▶ [Data below]
-*-

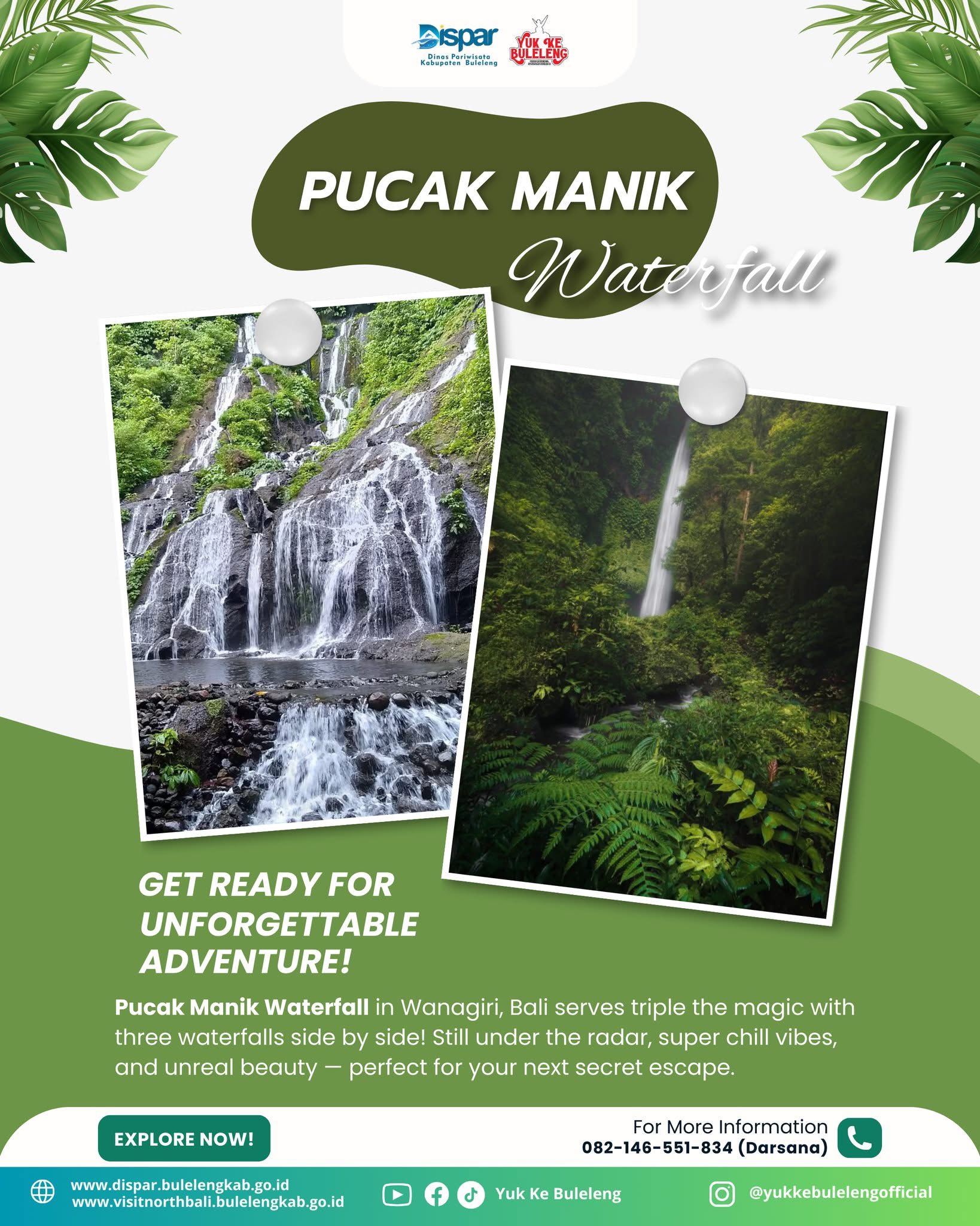 Air Terjun Pucak Manik tuh tempat kece di Bali buat ngunjungi tiga air terjun sekaligus yang lokasinya sebelahan! Ada di Desa Wanagiri, Sukasada, Buleleng. Cocok banget buat yang demen main ke air terjun. Tempat ini masih baru, jadi belum rame, pas buat yang mau cari suasana tenang. Walaupun belum sepopuler air terjun lain di Bali, tapi keindahannya nggak kalah, Sob!
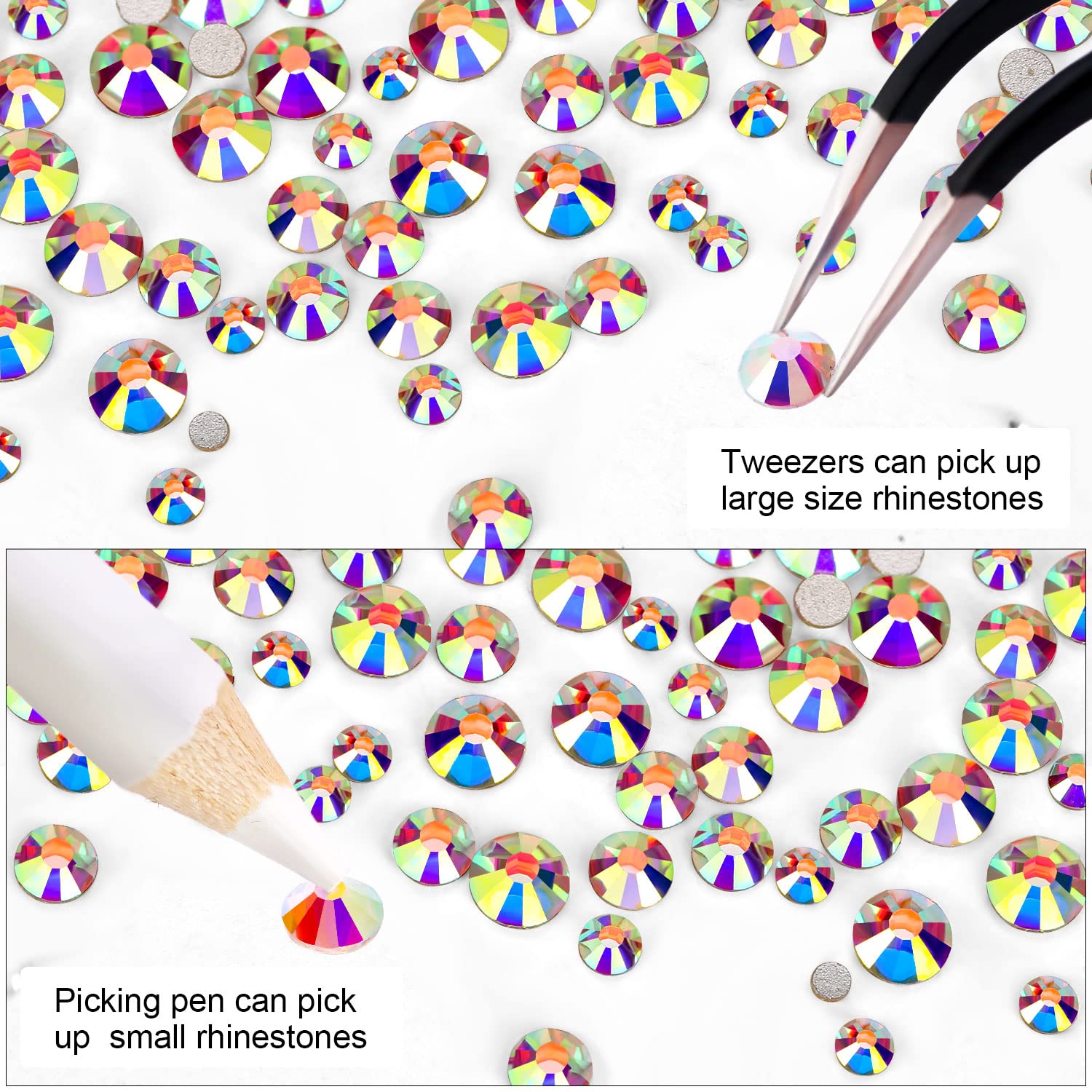 4240Pcs Flatback Crystal Ab Rhinestones Glass Gems for Nail Art Jewels Makeup Tumblers Shiny Round with Tweezers and Picking Pen (SS6~SS20 Set)
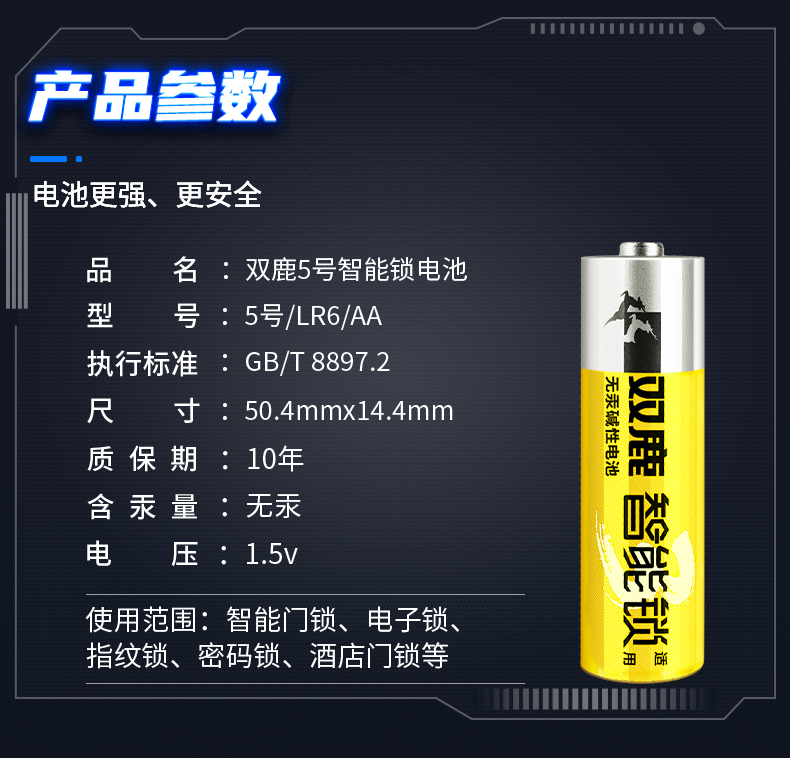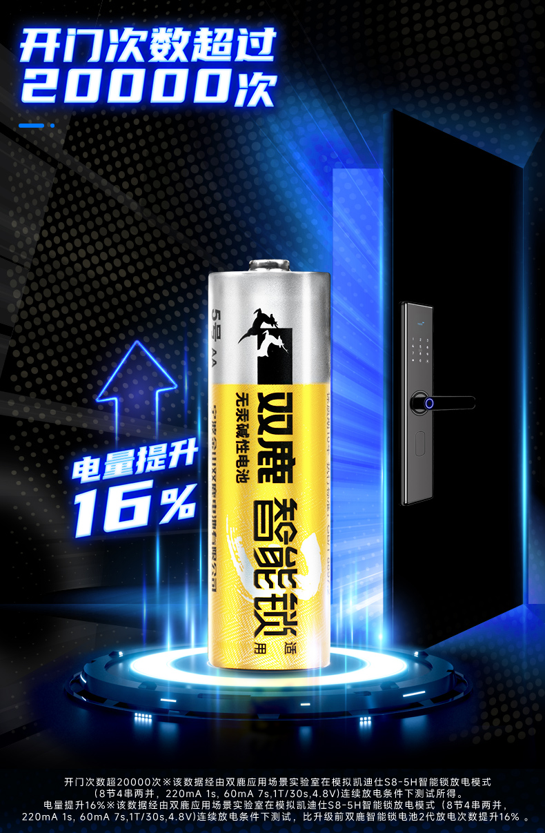 双鹿电池 碱性电池 5号智能锁电池 4粒/卡 黑色(单位:卡)

-*-

▶ [Assigned task]
Each line from the one with "4240Pcs Flatback Crystal" to the end of the material needs to be output word for word, with no picture included.

▶ [Solution for this problem]
 4240Pcs Flatback Crystal Ab Rhinestones Glass Gems for Nail Art Jewels Makeup Tumblers Shiny Round with Tweezers and Picking Pen (SS6~SS20 Set)
 双鹿电池 碱性电池 5号智能锁电池 4粒/卡 黑色(单位:卡)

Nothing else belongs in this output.